The rapid industrialization and population growth is a cause for environmental pollution and become a major global concern [[1], [2], [3], [4]]. In every year, the levels of pollutants are increasing due to the discharging of industrial effluents to the environment [5]. Particularly, the industrialization process largely contributed to severe deterioration of freshwater resources [6,7]. Moreover, large amount of untreated wastewater from the production process of carpet, paper, leather, printing, pharmaceuticals, and paint and textile industries have been discharged in to the environment and become serious global warning issues. Most of the contaminants are also soluble in water and easily transported which can be the cause for direct and long-term toxic threat [[8], [9], [10]]. Specifically, pollutants such as persistent organic pollutants (POPs) are highly toxic and can't be degraded in the natural environment [11]. Among the toxic pollutants, organic and inorganic pollutants [12] including volatile organics [13], dioxins [14], dibenzofurans [15], pesticides [16], nitro-aromatic compounds [17], polychlorinated biphenyls [18], chlorophenols [19], and heavy metals and radionuclides [20,21], etc. are well reported. Since water is very important for human and animal survival, wastewater containing toxic chemicals should be treated before it is discharged to the environment [22,23].

Recently, different kinds of wastewater treatment methods have been employed [[24], [25], [26], [27], [28], [29]]. However, mainly, wastewater treatment techniques should be low cost, non-toxic, and efficient [30,31] Among the methods used, advanced oxidation processes (AOPs) consider as green and an effective method, have been utilized for the decontamination of toxic pollutants [32]. Since an extensive range of hazardous substances are being released in to the surrounding continuously, the complete mineralization or changing them in to less harmful intermediates is a vital process [33,34]. For this purpose, the removal of harmful contaminants with photocatalytic degradation processes has been reported by different researchers [35,36]. Moreover, semiconductors nanomaterials are not only useful for the removal of organic and inorganic pollutants but also applicable in the antimicrobial, and other activities [37,38]. It is also suggested that metal oxide nanoparticles such as ZnO exhibited a very strong antibacterial agent. In the antimicrobial activity, an electrostatic interaction of ZnO NPs and cell walls is responsible for the distraction of the bacterial cell wall [39]. However, searching and designing of cost-effective, environmentally friend, and efficient photocatalyst materials is still the main challenge [40,41].
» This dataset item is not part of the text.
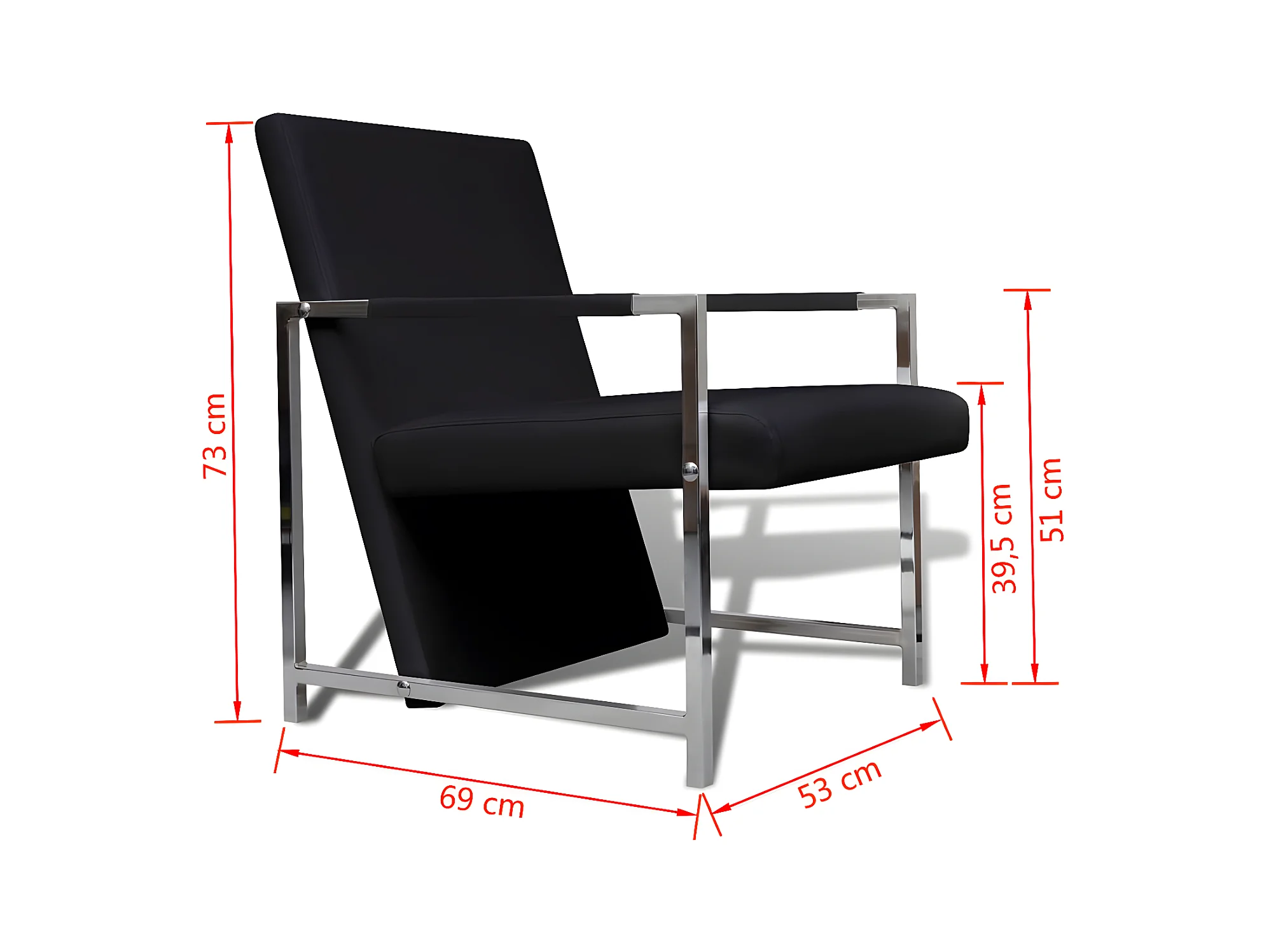 Fauteuil avec pieds chromés Noir Similicuir
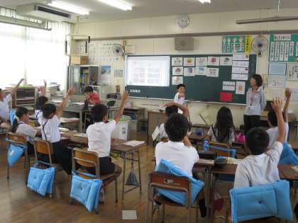 外国語活動の時間。今日は、月の言い方を英語で復習しました。先週初めて学習したのに、よく覚えていますね!すばらしい!ミッシングゲームやペアになってゲームもしたので、楽しみながら学習が深まりました。

In recent years, metal oxide-based materials are considered as effective photocatalysts and attract a great attention owing to their high chemical stability, nontoxic nature, and low cost [[42], [43], [44]]. Moreover, the catalysts with appropriate band alignment and multifunctional activities also become promising materials [45]. Among materials, ZnO has been extensively studied owing to its environmentally friendly, unique properties, stability, catalytic activity, and low cost [46,47]. However, the photocatalytic activities of ZnO is limited for practical application as a result of its wider band gap energy, higher recombination rate of the photogenerated charge carriers, and poor adsorption abilities to the visible light [48]. Owing to this reason, modification of ZnO with different techniques is needed to enhance its photocatalytic performance [[49], [50], [51], [52]]. For example, doping of the transition metals or making composites with ZnO and other semiconductors are effective methods to enhance the photocatalytic activities with the benefit of lowering band gap energy, enhancing charge separation, and boosting catalytic activity through electron trapping mechanism [[53], [54], [55], [56]].

In addition to performance enhancement, the fabrication method is also vital and it should be cheaper, greener, and facile method [57,58]. For example, the conventional physicochemical synthesis process requires hazardous chemicals, high energy, and expensive equipment. Due to this reason, the implementation of green and environmentally friendly, cheaper, and biogenic mediated catalyst fabrication method is needed [59,60]. Although there are numerous reports on green synthesis of ZnO-based catalysts with plant extract for environmental remediation, recent and well-organized review papers are limited. Most of the review papers written were mainly focused on the synthesis of either metal nanoparticles or metal oxide only [[61], [62], [63]]. On the other hand, the green synthesized ZnO-based such as ZnO, transition metal doped ZnO, or ZnO coupled with metal and other semiconductors for environmental remediation have rarely been reviewed to the best of our knowledge. To fill this gap, we aim to provide a timely and comprehensive review of the green synthesized ZnO-based catalyst for environmental remediation.

This review summarizes the basic principles of heterogeneous photocatalysis, strategies for photocatalytic performance enhancements, and the current trend on green synthesized ZnO-based nanocatalyst for environmental remediation. In detail, the plant extract methods, the catalyst synthesis mechanism and characterizations, and the optical, structural and morphological properties of the resulting synthesized materials are included. The green-synthesized ZnO-based nanocomposite and their potential applications for environmental remediation are also highlighted. Moreover, the opportunities, challenges, and future outlooks in the development of a new ecofriendly treatment method with green and sustainable strategic approaches are included.